'Star Wars: Trials on Tatooine' news: VR experiment is a 'a first-person storytelling experience'

HTC Vive website

ILMxLAB, LucasFilm's immersive entertainment laboratory, has released a trailer for "Star Wars: Trials on Tatooine," described as "a cinematic virtual reality experiment." Designed for the HTC Vive VR gear, this gives a glimpse of what could be an upcoming full product -- most likely an interactive movie experience.

The 48-second trailer first shows a person donning a VR gear and holding a controller, then there's a montage of the Millennium Falcon, some Stormtrooper ships, the landscape, fighting, R2D2 handing a lightsaber, and the Jedi weapon being unsheathed. The final scene shows the lightsaber being used for deflecting blasters from a first-person perspective.

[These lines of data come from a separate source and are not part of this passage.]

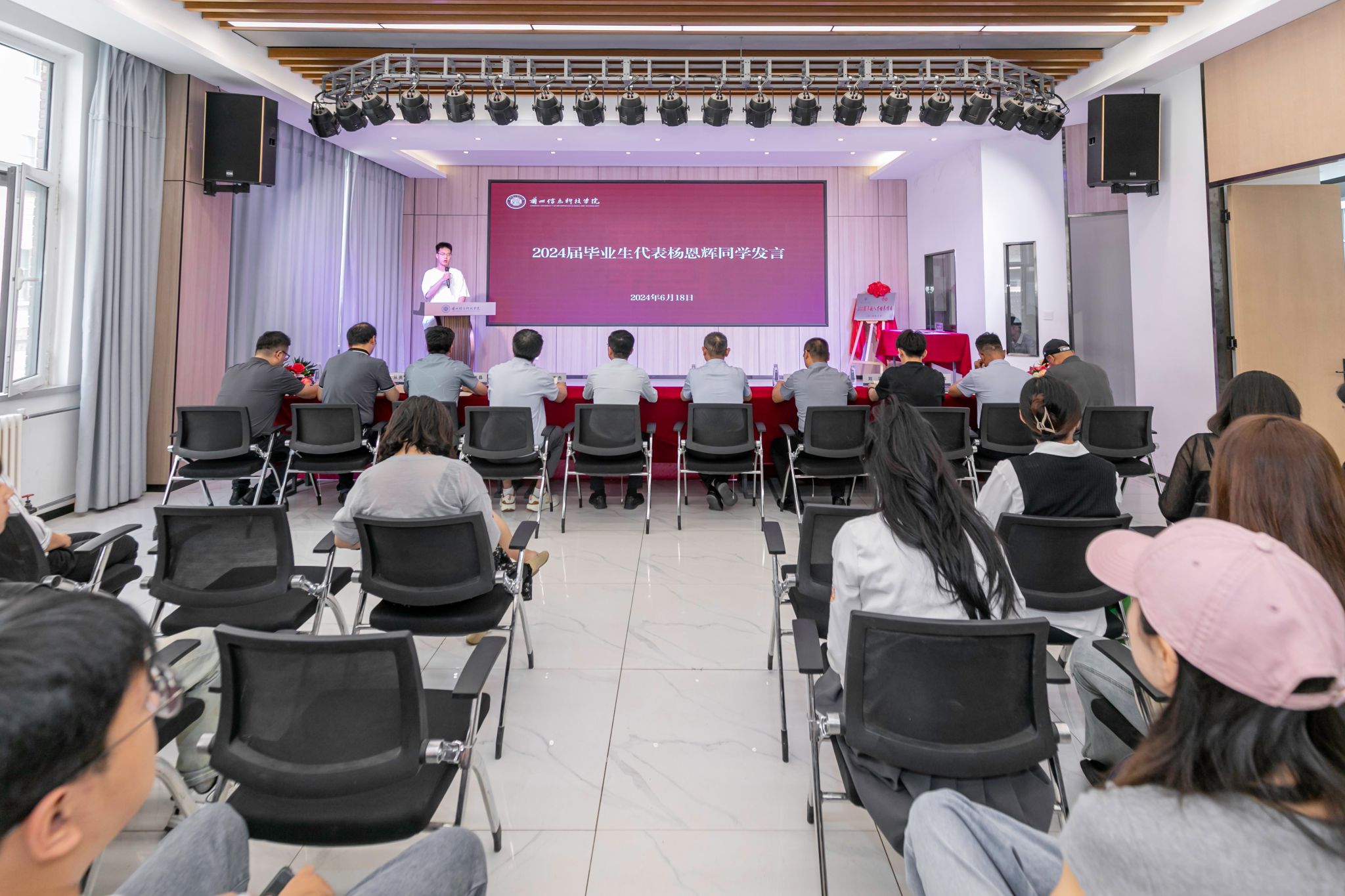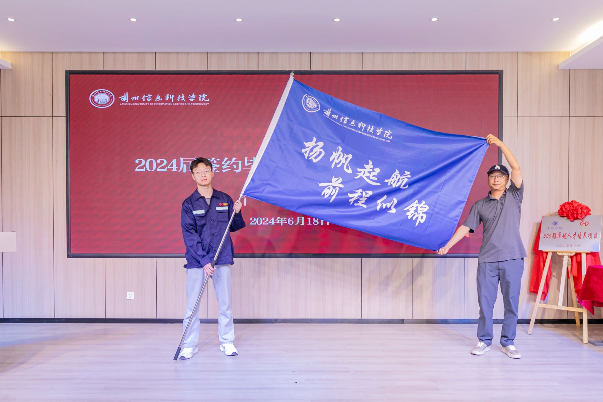 在欢送入职典礼环节,中核弘源公司人力资源中心人事主管钱常余、田莉为2024届签约学毕业生代表授“企业工作服”,人力资源中心经理刘宇为2024届签约毕业生代表“授旗”,新核实业公司综合业务部主任刘志杰向2024届签约毕业生致欢迎辞,满满的仪式感让参加典礼的师生看在眼里、暖在心里。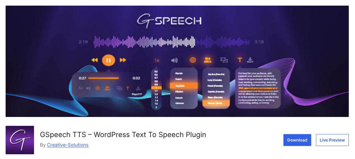 GSpeech is a leading modern Text To Speech WordPress Plugin, which uses Google Technology to generate the best audio and works on all devices and browsers! With 78+ available languages your site will be available to larger audiences worldwide.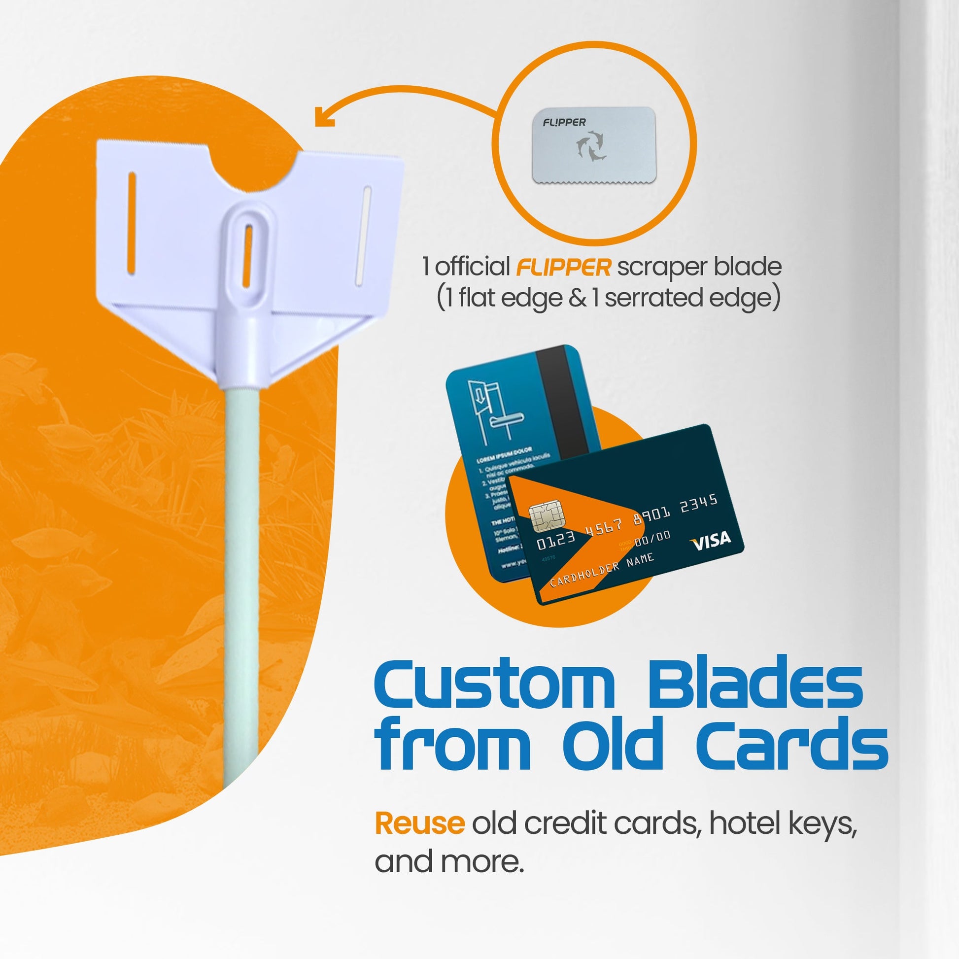 - Patent pending design allows you to use any old credit card, gift card, hotel room key etc as a scraper blade....you may never have to buy blades again!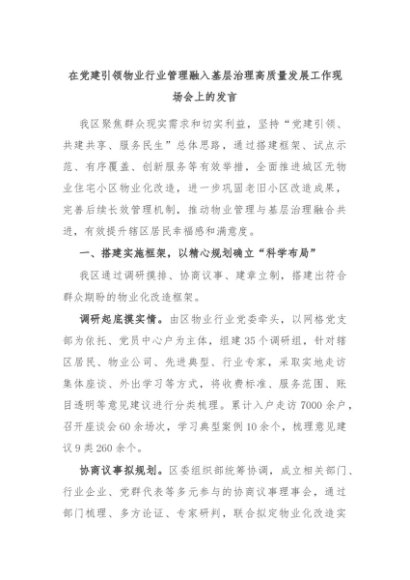 【七哥公文】2024年:在党建引领物业行业管理融入基层治理高质量发展工作现场会上的发言+更多免费公文+VX:QiGeGongWen2024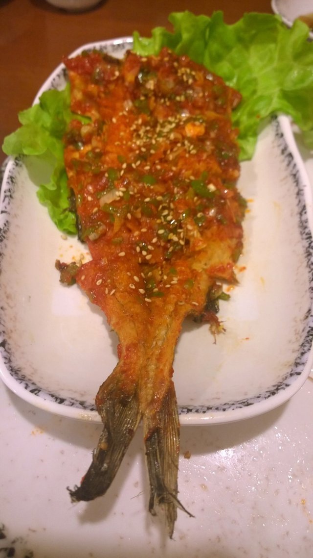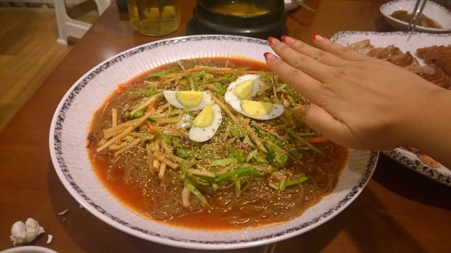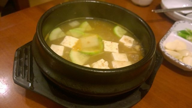 最先上的是惯例赠送的小菜,好像和团购内容不大一样,比较喜欢里边的萝卜条,海带丝和豆芽也不错,都是韩国特色酱拌制的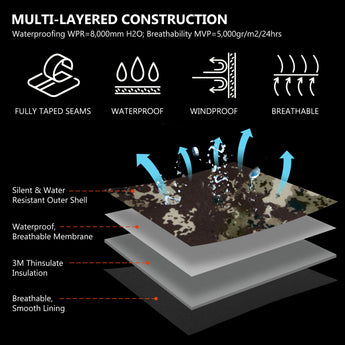 Performance Multi-Layered Construction: Silent outer fabric is designed to be essentially noiseless making for a near-silent garment when stalking through the woods, while the inner waterproof, breathable membrane and the heat sealed seams ensure they remain 100% waterproof; 3M Thinsulate Insulation; Soft yet durable lining.

IGN explains that "Star Wars: Trials on Tattooine" centers on Luke Skywalker's apprentice, and the events take place after those in "Return of the Jedi." Mitch Dyer, editor of the online publication, narrates that the experience of being this apprentice, waiting for and seeing the Milennium Falcom descend, was "mildly terrifying" but was also "a gleeful moment." The moment of elation got deflated, though, because he was tasked to repair the ship by a "cranky" Han Solo.

The "Star Wars" VR experience, however, is not a game. As explained by Roger Cordes, associate visual effects supervisor at ILMxLAB, "We are a storytelling company."

"We are well-versed in a hundred years of the language of cinema, all of which gets thrown out the window when you no longer have a locked on camera [in VR], and it's a first-person storytelling experience, so we have to kind of find our way in that wilderness about how to tell a compelling story in the Star Wars universe," he said.

As this is labeled as an experiment, it is uncertain at this point if it will ever be released as a full product. As Polygon says, studios have been creating VR experiments although they were not meant to be rolled out for public use. The site, however, surmises that there might be more to this that would be worth discussing in the coming days.

"We've got some large-scale productions going," Tim Alexander, lead visual effects supervisor at ILMxLAB, told IGN. "And [Lucasfilm Story Group] is the basis of that. We are doing stories that will be intersecting. It's all canon, it's all...it's all going to be legit."

ILMxLAB, LucasFilm and Skywalker Sounds are behind the project.